"Wasn't she just a baby? The infamous 2015 date seemed so far away..."
The statement above was one of the comments written on my Facebook wall when I, like most other parents with school-aged children, recently posted the obligatory back-to-school pictures of my daughters. For the past several years, I've known that this season would be a pivotal turning point in our day-to-day parenting: our youngest would join the school-attending ranks like her older sisters and start kindergarten.
There's much I could say to commemorate this event that has split our parenting landscape and ushered us from the CAH Era (Children At Home) into a new era whose acronym I'm still determining. (I'm torn between a few, the obvious being the CAS Era: Children at School. Another viable contender is the FU3 Era: Free Until Three -- as in, every Monday through Friday, I've suddenly become responsible for only myself and my job until the bus deposits my children back in my care.)
I could tell you how poignant it is to see a kindergartener wear a backpack that's nearly a third the size of her body. The mere sight warms me (growth! opportunity! she's ready!) and simultaneously stops me in my tracks (responsibility! separation! she's still so small!)
I could share how my heart swelled when she briefly clung to my leg and whispered, "I love you, Mama," when the bus turned the corner onto our street.
I could explain that once the bus pulled away, I leaned into my husband's open arms, buried my face into his shirt, and awkwardly laugh-cried, "We did it, Joel. We did it," as he held me at the bottom of our driveway.
I could tell you how my senses were overloaded by the stillness and silence when I returned inside my house, how I walked aimlessly from room to room for a few moments until I went to my bedroom, stretched out face-first on the floor, and prayed from the depths of my soul: "Lord, guide and protect my girls. Multiply my efforts. Correct my mistakes. I can't always be with them, but You never leave them."
I absolutely ought to acknowledge that my next action was to treat myself to a pedicure -- an uncommon luxury that seemed to be the perfect response to the day's significant openness.
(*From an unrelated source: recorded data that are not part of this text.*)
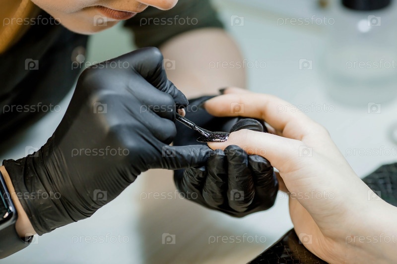 Мастер маникюра в салоне красоты выполняет процедуру окрашивания ногтей клиента. Женская мода и красота. Самообслуживание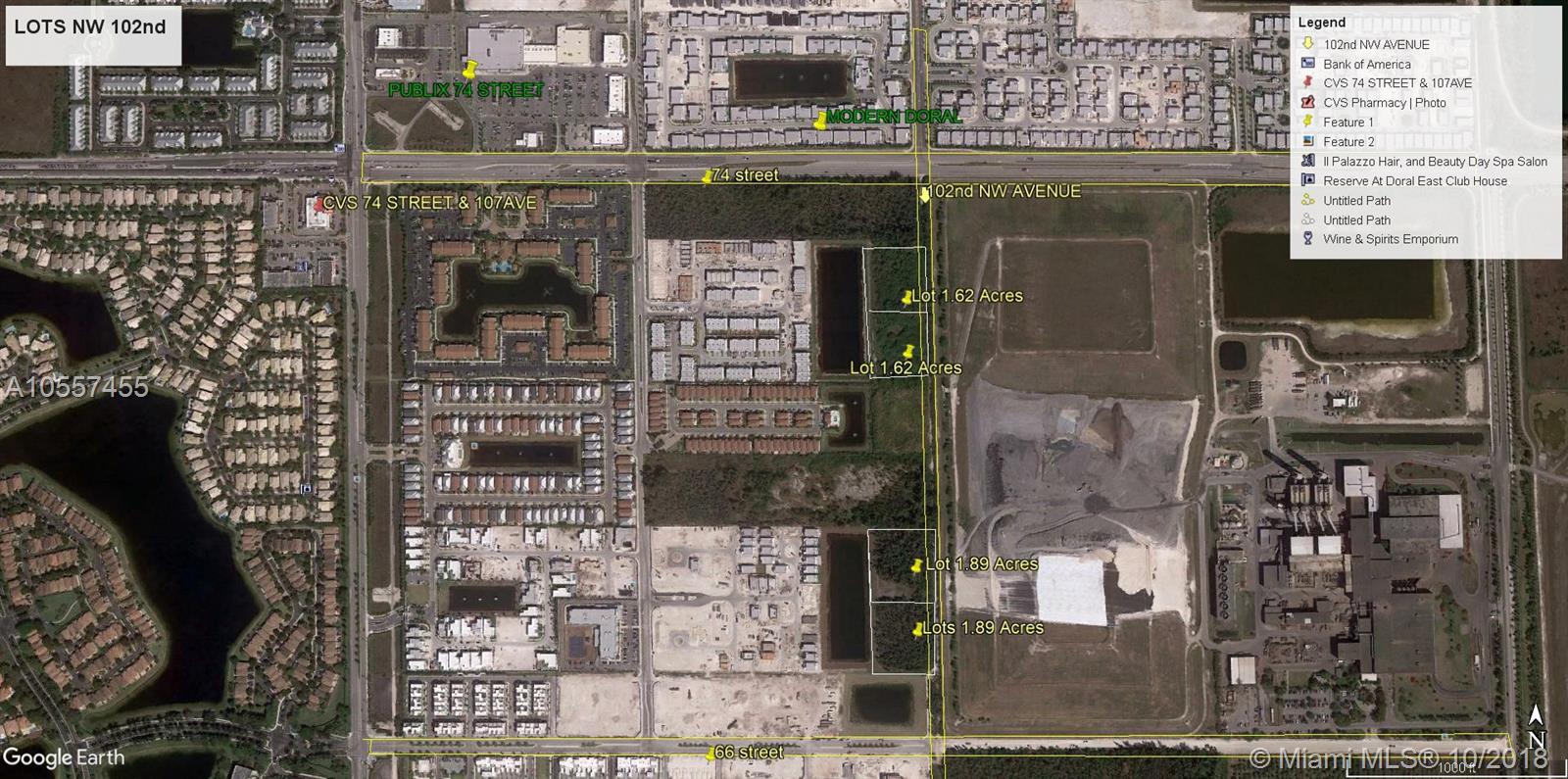 *** LOCATION * LOCATION * LOCATION *** 655 feet fronting the 102nd nw avenue, between the 74th street and the 66th street in the most developed area in DORAL one of the cities It is approved by the city a nucleus plan of 4 traffic lights, at the intersection of 102nd ave and 74 street, which will make the 102nd Ave in high traffic traffic.This property is made up of 2 pages, 35 -30-17-001-0180 with Zoning IC & 35-30-17-001-0190 Zoning Pending,master plan GU, Recommended , CC, which could lead to develop up to 200,000 sqft. with a maximum height of 6 floors, with various uses, professional uses, medical offices, restaurants, educational , trade school, religious facilities, Day Care, Show Rooms, Montion Picture Production Studios, BARS, Nogth Clubs, Wine Cafes, BANKS, AND GENERAL RETAILS.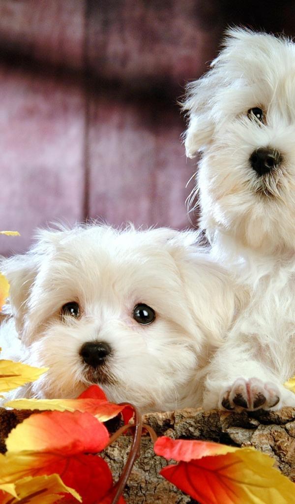 Wallpaper Puppies lapdogs of leaves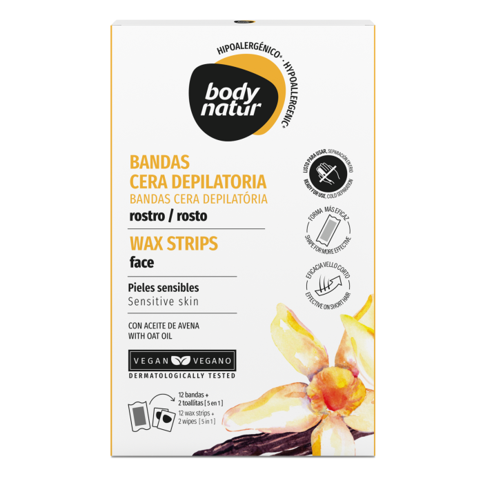 Bandes dépilatoires pour le visage Peaux Sensibles de Body Natur - Bandes dépilatoires hypoallergéniques à haute tolérance, enrichies en extrait naturel d'avoine, offrant une épilation parfaite et durable.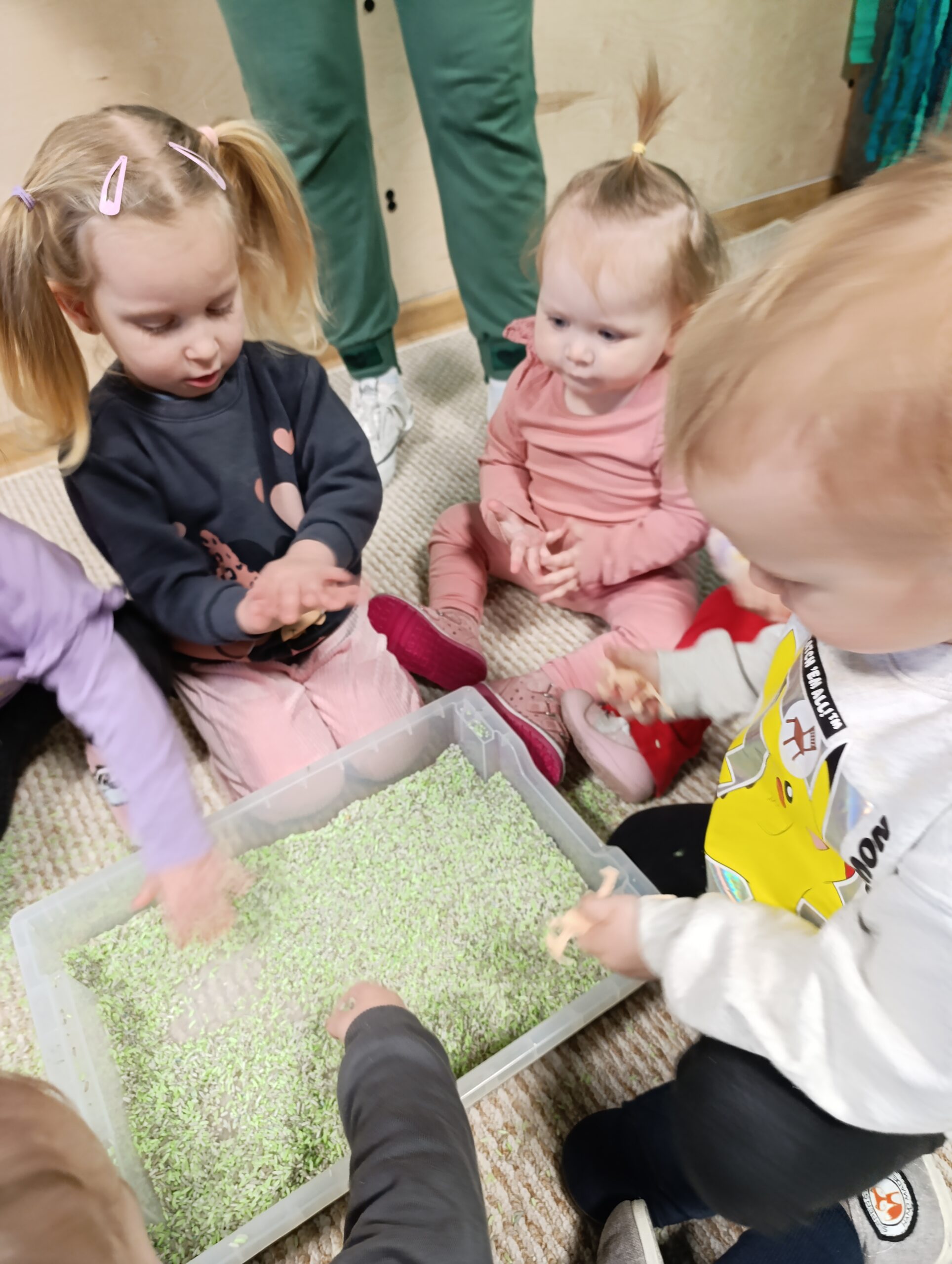 Na początek mali odkrywcy musieli przejść przez specjalną ścieżkę sensoryczną pełną wyzwań! Skakali jak dinozaury, wspinali się po przeszkodach i pełzali niczym pradawne stworzenia. A na zakończenie tej ekscytującej trasy – wspólny taniec dinozaura, który dostarczył mnóstwo radości i śmiechu! 🕺🦖🎶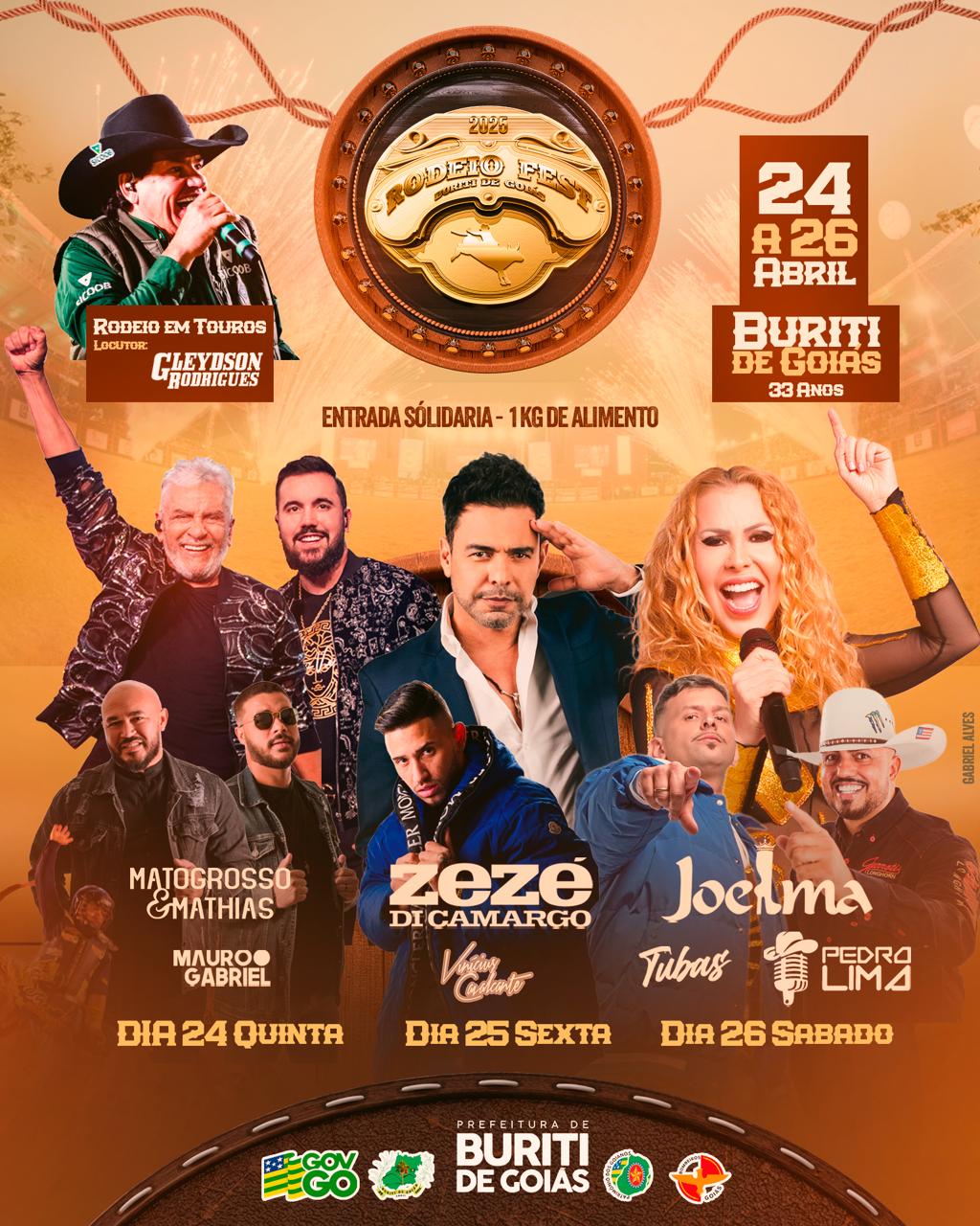 No Sábado(26/04), acontece a final do 3º Buriti Rodeio Fest, com a premiação em seguida. E tem a Joelma, com a turnê Isso é Calypso, fazendo o primeiro show do Estado de Goiás deste ano de 2025, para abrir o show da Rainha do Calypso, o locutor Pedro Lima anima o público, encerrando a programação com o DJ Tubas.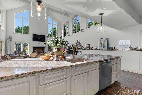 - Cathedral Ceiling(s), Custom Cabinetry, Dining/Living Room Combo, Granite Counters, Kitchen Island, Open Floorplan, Walk-In Pantry, Wired For Sound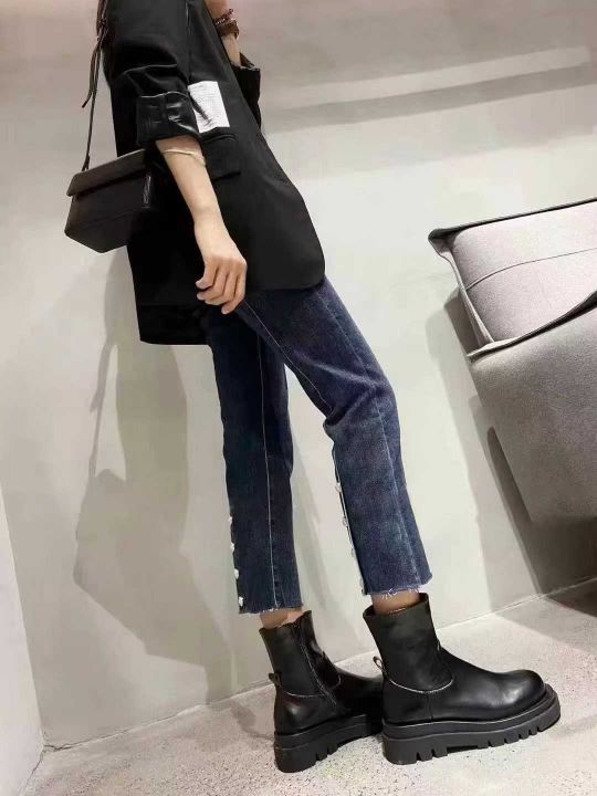 新款牛仔裤女开叉纽扣时尚弹力显瘦欧货排扣九分烟管裤...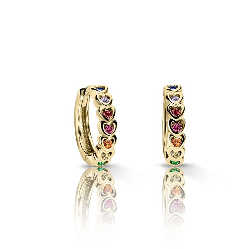 Dětské náušnice kroužky ze 14k zlata jsou tvořeny řadou srdíček se střídajícími se duhovými barvami zirkonů. Zlaté náušnice jsou opatřeny puncovní značkou 585/1000 od státního puncovního úřadu. Tento typ zapínání je velice pohodlný na nošení a je vhodný pro holčičky zhruba ve věku od 6 let. Veškeré rozměry jsou podrobně rozkresleny v podpurné fotografii.

In the hours that followed I cleaned the house, took myself out to lunch, cut the grass, planned my next lecture, went for a run, and reveled in the four calm minutes I had to spare before the bus returned and my children spilled out from it, bombarding me with backpacks and papers and exclamations and all the noise and chaos that had been so drastically absent for the past seven hours.
It was just another day, I know. Just one single day. But somehow, the day represented more. It solidified the truth of my friend's comment. That kindergartener of mine? She was just a baby.
They all were just my babies, and somehow, one day at a time, they've managed to grow up right before my eyes.